3) monotonicity: if wk-1= (a ', B '), then for the next point of the path wk= (A, b) need to meet 0<= (A-a ') and 0<= (B-b '). This limits the points above the W to be monotonous over time. To ensure that the dashed lines in Figure B do not intersect.

Combining continuity and monotonicity constraints, the path of each lattice point is only three directions. For example, if the path has passed the grid point (I, J), then the next pass of the lattice may only be one of the following three cases: (I+1, J), (I, j+1) or (i+1, j+1).
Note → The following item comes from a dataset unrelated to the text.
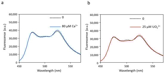 To correct this problem, the eYFP was replaced by a variant of YFP, the Citrine protein, another acceptor FP that is not sensitive to pH and chloride ions [44]. The appropriate mutations were made in biosensor 1, i.e., the change of amino acids 69 and 70 of the eYFP (Val69Leu, Gln70Met) to produce the new construction, called biosensor Cit (Tables S1 and S2). The latter was then tested in the presence of calcium or uranyl. In addition to no longer being sensitive to pH and chloride ions (data not shown), the dynamic response range of biosensor Cit in response to calcium was increased (53% vs. 41%) and that in response to uranyl was almost equivalent to the one measured with biosensor 1 (82% vs. 95%) (Figure 7a, Table 1). The calculated Kd for biosensor Cit were almost equivalent to those for biosensor 1, with a Kd = 6.1 µM for calcium and a Kd = 14.2 nM for uranyl (Table 1).

The paths that satisfy these constraints can have a number, and then we are interested in the path that makes the following the least structured cost:

The k in the denominator is mainly used to compensate for the different lengths of the regular paths. What we are aiming for. Or what Dtw's mind is. is to extend and shorten the two time series, to get two time series of shortest distance is the most similar to the warping, the shortest distance is the last distance measurement of these two time series. Here, all we have to do is choose a path that minimizes the total distance that is ultimately obtained.

Here we define an accumulative distance of cumulative distances. The distance from (0, 0) starts to match the two sequences Q and C, each to a point where all the points calculated are accumulated. After reaching the end point (N, m), this cumulative distance is the last total distance we said above, which is the similarity between the sequence Q and C.
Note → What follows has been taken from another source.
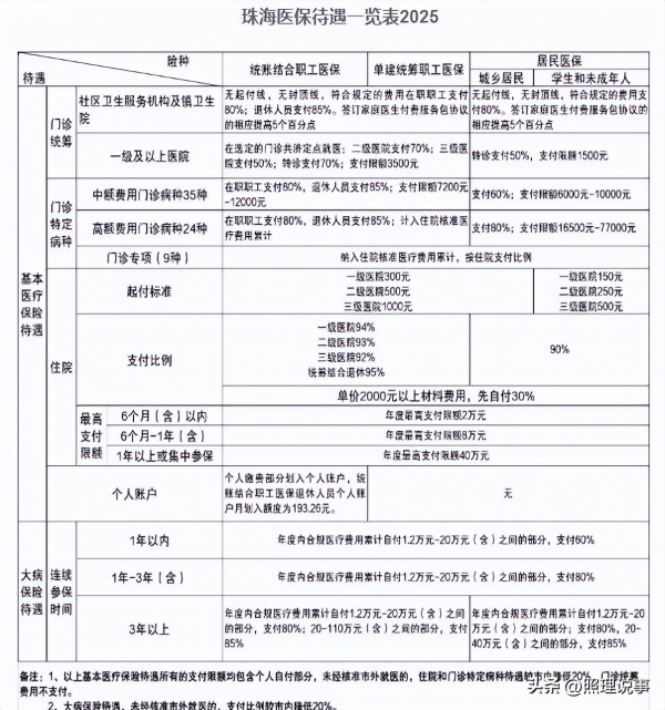 并且新农合在2016年完成合并后可参保覆盖人群更加全面了,不仅农村户籍的可以参保,还有非农村户籍的城镇居民也可参加,那么职工医保又有什么特点呢?首先就是职工医保是有个人账户的,在单位参保的每个月都有"小药钱"能打进个人账户,灵活就业人员则没有;职工医保是按月缴费的,即使中间断缴过,只要三个月内能重新缴费也不会影响报销待遇;并且在达到累计缴费年限要求时,可办理医保退休,以后享受终身医保报销待遇。还有就是职工医保的报销待遇稍高些,我们可以参考珠海的居民医保和职工医保报销情况,如下:

The cumulative distance gamma (I,J) can be expressed in the following way, and the cumulative distance γ (I,J) is the current lattice distance d (i,j), which is the sum of the Euclidean distance (similarity) between the points Qi and CJ and the cumulative distance of the smallest neighboring elements that can reach that point:

The best path is the path where the accumulation distance along the path reaches the minimum value. This path can be obtained through the dynamic Programming (programming) algorithm.

A visual example of a specific search or solution process can be found in:

Http://www.cnblogs.com/tornadomeet/archive/2012/03/23/2413363.html

The application of DTW in pronunciation

An isolated word (word) speech recognition system is assumed and the template matching method is used to identify it. This is usually the whole word as a recognition unit. During the training phase, the user will say each word in the glossary, extract the features and serve as a template to the template Library. In the recognition phase, the feature is also extracted for a new word to be identified, and then the DTW algorithm is used to match each template in the template library to calculate the distance. Finding the shortest distance, or the most similar one, is the recognized word.

Iv. References

[1] http://baike.baidu.com/view/1647336.htm

[2] Http://www.cnblogs.com/tornadomeet/archive/2012/03/23/2413363.html

[3] http://www.cnblogs.com/luxiaoxun/archive/2013/05/09/3069036.html (with matlab/c++ code)

[4] Eamonn J. Keogh, derivative Dynamic time warping

[5] Zhaoli "Voice signal Processing"

Contact Us

The content source of this page is from Internet, which doesn't represent Alibaba Cloud's opinion; products and services mentioned on that page don't have any relationship with Alibaba Cloud. If the content of the page makes you feel confusing, please write us an email, we will handle the problem within 5 days after receiving your email.

If you find any instances of plagiarism from the community, please send an email to: info-contact@alibabacloud.com and provide relevant evidence. A staff member will contact you within 5 working days.

A Free Trial That Lets You Build Big!

Start building with 50+ products and up to 12 months usage for Elastic Compute Service

  • Sales Support

    1 on 1 presale consultation

  • After-Sales Support

    24/7 Technical Support 6 Free Tickets per Quarter Faster Response

  • Alibaba Cloud offers highly flexible support services tailored to meet your exact needs.